Nobel laureate taking top security posts in East Timor

? Nobel Peace laureate Jose Ramos Horta said Friday he would take over East Timor’s top security posts in a bid to end factional divisions that have plunged the country into chaos.

His announcement came as fresh looting and rioting broke out in the capital and was likely to further isolate embattled Prime Minister Mari Alkatiri.

Ramos Horta won the 1996 Nobel Peace Prize for bringing world attention to the plight of East Timorese under years of often brutal Indonesian rule. He is already foreign minister, and is expected to be sworn in today as head of both the defense and the interior ministries.

The defense and interior ministers resigned Thursday, taking responsibility for failing to prevent the worst violence since East Timor’s break from Indonesia in 1999.

“I’m the only one who might be able to heal the wounds within the armed forces, between the armed forces and the police force, between the armed forces and society at large,” Ramos Horta told Australian Broadcasting Corp. radio.

Like President Xanana Gusmao, Ramos Horta enjoys status from his role in helping to win independence for East Timor. The men have worked closely together since the break from Indonesia.

An Australian soldier looks on as looters run from a government store warehouse carrying office equipment in Dili, East Timor, Friday, June 2, 2006.

The wave of unrest was triggered when Alkatiri fired 600 soldiers from the 1,400-member army in March. Before they were dismissed, the soldiers had gone on strike, claiming the government discriminated against them.

Sporadic clashes last month between the fired soldiers and government troops set off street warfare in Dili between gangs loosely allied with either side. The unrest escalated recently into riots and clashes with government forces.

At least 30 people have died, hospital officials said.

Tens of thousands who have fled the chaos for camps in or near the capital have become increasingly desperate for food and other aid, and riots have occasionally broken out on food lines.

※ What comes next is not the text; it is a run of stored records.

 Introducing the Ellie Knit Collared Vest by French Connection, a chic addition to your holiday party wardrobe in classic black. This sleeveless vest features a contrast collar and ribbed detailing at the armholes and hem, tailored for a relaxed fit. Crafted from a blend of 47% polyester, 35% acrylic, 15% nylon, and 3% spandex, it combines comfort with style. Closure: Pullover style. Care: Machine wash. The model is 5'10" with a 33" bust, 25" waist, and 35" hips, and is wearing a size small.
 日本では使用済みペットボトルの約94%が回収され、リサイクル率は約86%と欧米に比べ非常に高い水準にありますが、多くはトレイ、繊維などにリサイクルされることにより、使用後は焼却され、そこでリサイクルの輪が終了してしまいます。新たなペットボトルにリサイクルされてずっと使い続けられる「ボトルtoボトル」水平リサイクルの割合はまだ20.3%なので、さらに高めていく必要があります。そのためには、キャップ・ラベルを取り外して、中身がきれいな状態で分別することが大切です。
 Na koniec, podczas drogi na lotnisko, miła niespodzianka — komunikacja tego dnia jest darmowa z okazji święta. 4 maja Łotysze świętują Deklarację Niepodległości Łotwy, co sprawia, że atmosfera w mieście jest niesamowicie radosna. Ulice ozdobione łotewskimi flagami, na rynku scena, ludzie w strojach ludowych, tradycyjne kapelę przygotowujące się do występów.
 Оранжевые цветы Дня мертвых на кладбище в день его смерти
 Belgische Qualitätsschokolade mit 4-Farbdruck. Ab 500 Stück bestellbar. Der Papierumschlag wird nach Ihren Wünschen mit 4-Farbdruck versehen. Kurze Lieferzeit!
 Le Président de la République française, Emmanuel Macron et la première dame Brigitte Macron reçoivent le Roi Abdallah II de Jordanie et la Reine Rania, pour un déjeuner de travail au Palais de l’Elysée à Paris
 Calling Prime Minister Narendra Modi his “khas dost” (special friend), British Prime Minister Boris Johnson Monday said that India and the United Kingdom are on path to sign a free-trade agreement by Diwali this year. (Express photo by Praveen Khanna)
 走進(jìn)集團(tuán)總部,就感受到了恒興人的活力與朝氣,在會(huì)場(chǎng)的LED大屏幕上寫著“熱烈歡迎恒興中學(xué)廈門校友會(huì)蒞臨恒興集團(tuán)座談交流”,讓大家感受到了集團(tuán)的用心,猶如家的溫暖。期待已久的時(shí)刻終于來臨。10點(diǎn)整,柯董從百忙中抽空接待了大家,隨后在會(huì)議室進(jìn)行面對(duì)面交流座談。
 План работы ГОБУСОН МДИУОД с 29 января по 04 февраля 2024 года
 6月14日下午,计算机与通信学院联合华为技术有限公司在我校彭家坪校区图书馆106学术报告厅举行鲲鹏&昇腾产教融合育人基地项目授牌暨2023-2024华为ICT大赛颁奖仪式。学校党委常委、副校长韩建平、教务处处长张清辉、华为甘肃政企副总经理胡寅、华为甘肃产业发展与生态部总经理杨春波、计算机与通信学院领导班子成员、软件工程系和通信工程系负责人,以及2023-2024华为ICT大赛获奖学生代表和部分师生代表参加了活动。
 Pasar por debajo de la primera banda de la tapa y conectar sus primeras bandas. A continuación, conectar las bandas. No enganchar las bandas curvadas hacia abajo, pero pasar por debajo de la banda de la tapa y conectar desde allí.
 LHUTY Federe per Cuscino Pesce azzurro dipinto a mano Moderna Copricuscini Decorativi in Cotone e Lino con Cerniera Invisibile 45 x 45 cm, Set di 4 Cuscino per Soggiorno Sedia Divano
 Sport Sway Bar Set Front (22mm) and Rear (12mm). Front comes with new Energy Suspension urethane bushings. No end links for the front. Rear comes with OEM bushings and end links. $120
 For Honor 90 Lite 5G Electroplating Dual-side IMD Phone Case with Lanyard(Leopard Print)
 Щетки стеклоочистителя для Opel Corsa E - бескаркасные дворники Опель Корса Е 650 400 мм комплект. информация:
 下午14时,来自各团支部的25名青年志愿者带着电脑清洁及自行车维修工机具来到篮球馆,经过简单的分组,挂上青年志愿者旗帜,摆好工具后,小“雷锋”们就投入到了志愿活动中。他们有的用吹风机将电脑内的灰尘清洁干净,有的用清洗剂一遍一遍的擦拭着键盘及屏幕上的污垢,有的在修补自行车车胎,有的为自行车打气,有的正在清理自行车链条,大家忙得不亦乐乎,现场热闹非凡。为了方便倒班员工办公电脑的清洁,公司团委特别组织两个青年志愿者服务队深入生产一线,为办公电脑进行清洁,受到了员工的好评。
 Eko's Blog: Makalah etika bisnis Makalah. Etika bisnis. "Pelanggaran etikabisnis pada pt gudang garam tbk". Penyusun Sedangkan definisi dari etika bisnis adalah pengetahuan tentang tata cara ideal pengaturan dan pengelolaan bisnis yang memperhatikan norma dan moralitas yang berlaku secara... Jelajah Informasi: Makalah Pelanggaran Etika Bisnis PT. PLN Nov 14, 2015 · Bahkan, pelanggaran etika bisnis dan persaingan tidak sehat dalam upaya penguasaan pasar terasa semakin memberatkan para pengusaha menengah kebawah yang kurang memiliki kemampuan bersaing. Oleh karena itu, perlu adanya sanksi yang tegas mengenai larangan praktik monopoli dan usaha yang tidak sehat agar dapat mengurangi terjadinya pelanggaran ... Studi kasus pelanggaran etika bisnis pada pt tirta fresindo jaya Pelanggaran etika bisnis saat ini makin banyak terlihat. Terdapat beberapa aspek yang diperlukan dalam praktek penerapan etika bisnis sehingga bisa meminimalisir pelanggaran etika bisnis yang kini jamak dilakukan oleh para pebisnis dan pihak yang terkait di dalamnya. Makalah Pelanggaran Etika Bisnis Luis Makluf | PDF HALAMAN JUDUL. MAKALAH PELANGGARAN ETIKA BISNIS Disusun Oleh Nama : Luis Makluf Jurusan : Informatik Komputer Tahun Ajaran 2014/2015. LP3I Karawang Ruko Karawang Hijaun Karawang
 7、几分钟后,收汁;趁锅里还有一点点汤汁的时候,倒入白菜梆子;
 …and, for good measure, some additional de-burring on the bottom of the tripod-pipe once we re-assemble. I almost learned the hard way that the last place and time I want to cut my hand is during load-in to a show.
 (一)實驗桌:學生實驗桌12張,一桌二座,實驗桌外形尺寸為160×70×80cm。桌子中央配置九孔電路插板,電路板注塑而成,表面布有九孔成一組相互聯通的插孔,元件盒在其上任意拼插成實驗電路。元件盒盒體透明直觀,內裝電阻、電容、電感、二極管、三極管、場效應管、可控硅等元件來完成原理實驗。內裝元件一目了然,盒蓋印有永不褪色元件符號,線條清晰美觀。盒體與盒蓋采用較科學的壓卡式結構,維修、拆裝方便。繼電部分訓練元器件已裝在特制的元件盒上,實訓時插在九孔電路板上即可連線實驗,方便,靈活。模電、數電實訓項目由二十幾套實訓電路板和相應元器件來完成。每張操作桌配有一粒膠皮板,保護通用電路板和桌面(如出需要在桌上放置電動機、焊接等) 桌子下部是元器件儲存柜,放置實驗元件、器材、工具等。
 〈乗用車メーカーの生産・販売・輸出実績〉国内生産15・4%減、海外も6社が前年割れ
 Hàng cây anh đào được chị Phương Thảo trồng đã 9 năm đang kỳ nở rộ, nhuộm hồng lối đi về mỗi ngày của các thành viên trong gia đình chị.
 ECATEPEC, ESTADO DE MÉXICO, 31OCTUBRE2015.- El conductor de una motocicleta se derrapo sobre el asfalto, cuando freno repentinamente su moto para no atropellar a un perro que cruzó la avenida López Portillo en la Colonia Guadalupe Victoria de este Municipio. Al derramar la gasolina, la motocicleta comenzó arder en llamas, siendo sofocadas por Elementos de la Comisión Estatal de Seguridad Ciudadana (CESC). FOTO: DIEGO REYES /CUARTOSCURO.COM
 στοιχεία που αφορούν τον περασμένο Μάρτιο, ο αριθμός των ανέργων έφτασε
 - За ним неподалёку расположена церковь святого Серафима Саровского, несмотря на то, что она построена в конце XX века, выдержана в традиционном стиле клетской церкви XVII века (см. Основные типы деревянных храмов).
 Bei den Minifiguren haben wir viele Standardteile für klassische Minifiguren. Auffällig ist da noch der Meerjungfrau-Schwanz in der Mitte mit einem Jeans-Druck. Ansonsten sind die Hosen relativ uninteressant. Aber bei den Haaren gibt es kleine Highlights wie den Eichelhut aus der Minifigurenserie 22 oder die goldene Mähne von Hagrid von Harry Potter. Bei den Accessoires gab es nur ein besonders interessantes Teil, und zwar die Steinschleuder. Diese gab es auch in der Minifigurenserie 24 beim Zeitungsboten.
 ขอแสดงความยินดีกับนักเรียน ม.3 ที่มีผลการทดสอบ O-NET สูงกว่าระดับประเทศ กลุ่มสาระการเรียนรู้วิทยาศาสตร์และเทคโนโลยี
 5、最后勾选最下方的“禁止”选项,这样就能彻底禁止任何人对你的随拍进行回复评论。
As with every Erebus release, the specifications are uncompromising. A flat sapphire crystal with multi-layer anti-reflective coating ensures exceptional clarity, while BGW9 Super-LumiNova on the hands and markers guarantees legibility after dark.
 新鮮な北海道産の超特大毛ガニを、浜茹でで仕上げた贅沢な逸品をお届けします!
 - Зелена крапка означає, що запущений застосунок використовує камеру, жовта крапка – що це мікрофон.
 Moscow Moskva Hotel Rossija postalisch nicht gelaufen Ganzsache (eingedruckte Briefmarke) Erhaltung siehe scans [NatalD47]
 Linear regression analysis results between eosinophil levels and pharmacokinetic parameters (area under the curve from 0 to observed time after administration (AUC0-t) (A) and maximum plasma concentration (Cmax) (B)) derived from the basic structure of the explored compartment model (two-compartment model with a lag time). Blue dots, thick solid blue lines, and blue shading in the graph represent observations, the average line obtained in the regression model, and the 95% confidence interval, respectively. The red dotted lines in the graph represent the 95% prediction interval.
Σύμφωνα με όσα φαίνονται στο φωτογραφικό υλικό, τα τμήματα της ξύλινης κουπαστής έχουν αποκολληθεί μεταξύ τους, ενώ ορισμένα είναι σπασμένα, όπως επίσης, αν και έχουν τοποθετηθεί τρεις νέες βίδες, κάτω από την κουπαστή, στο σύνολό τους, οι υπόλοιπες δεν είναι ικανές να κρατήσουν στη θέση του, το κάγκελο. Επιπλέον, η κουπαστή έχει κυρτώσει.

On Friday, residents frustrated after waiting for hours for food that never came looted a warehouse of computers, furniture and anything else they could carry away in trucks and on motorcycles – including musical instruments and a saddle.

“I’m hungry and the shops are closed. Where are we going to buy something to eat? The government rations are finished,” Cornelio Moniz Barreto said. “Now we are thinking about our stomach, not politics.”

Alkatiri, who has been blamed for many of the impoverished nation’s problems, claimed his political rivals were fomenting the unrest as part of a plot to oust him.

“Their main objective is to overthrow the government,” he told Indonesia’s Metro television. He did not identify any culprits.